Analyzing Billion of Postgres Query Plans

Making Froxt fast is a unique and particularly difficult adventure in performance engineering. Our customers run billions of queries per day and each one is unique. What’s more, our product is designed for rich, ad hoc analyses, so the resulting SQL is unboundedly complex.

A core concept in our product is the idea of an “event definition”, which is a mapping between a human-level event like “Signup” or “Checkout” and what that event means in terms of raw clicks. This layer of indirection between the concept being analyzed and the underlying data makes the product very powerful and easy to use: you can add a new event definition and run analysis over all of your historical data as if you had been tracking “Signups” since you first installed the product. But it comes at a cost: everything we do becomes more complicated because the analysis is in terms of a dynamic schema that isn’t fully known until reading time. Handling this indirection at all is its own fascinating topic.

To execute a query, we take the query expressed in the UI, compile it to SQL, inline the event definitions, and then run the resulting SQL query across a cluster of PostgreSQL instances. This process can easily result in incredibly hairy SQL queries.

The queries only become more complicated as they make use of the more powerful features we support. A query can include filters on the number of times a user has done a given event in an arbitrary time range as well as break down the results by multiple different fields simultaneously.

After realizing how ineffective this “whack-a-mole” performance engineering approach was, we tried to design a better way. What we really wanted was some way we could collect enough information for every query as we initially ran it, such that we can always determine why a query was slow. As it turns out, we did manage to find a way to do that with Postgres.

Postgres provides an extension called auto_explain. When enabled, auto_explain automatically logs the query plan and execution information for every query as it’s run. It’s exactly like EXPLAIN ANALYZE but automatically records the information for every query as it happens. Depending on how auto_explain is configured, you can obtain some or all of the following information:

  • How the query was executed.
  • How long it took to execute each part of the query.
  • How many rows were returned by each part of the query?
  • How many pages were read from disk or from cache from each part of the query?
  • How much time was spent performing I/O in each part of the query?

This is an absolute gold mine of information for analyzing why queries are slow. Importantly, all of this information is gathered as the query is run, so we do not run into issues where a slow query is not reproducible, since we no longer need to reproduce the slowness in order to determine why the query was slow. Even better, auto_explain has the option to obtain the output in JSON. This makes it easy to programmatically analyze the query plans.

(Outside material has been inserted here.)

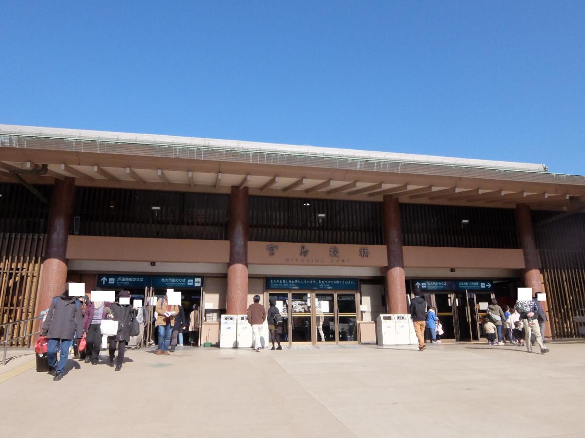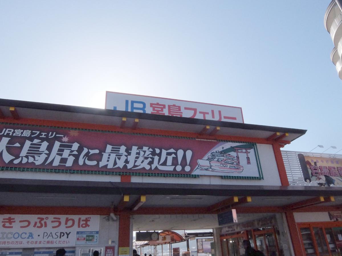 準備が整ったので、歩いて2~3分程のJR宮島フェリー乗り場へ~。書いてある様に8時台の便から厳島神社の大鳥居に最接近してくれます。

To gather all of this information, we wrote a short job that tails our Postgres logs and watches for any Postgres plans. When the job sees a query plan, it sends the plan information to a separate Postgres instance. With all of this information gathered in one place, we can easily ask all sorts of questions. Since we now have the query plan for every single query that was ever executed in Froxt.

What’s more, we can track how these rates change over time, and prioritize work accordingly. A lot of these causes will require multi-month engineering efforts to resolve, so it is critical that we know upfront how much the overall impact will be on our query performance.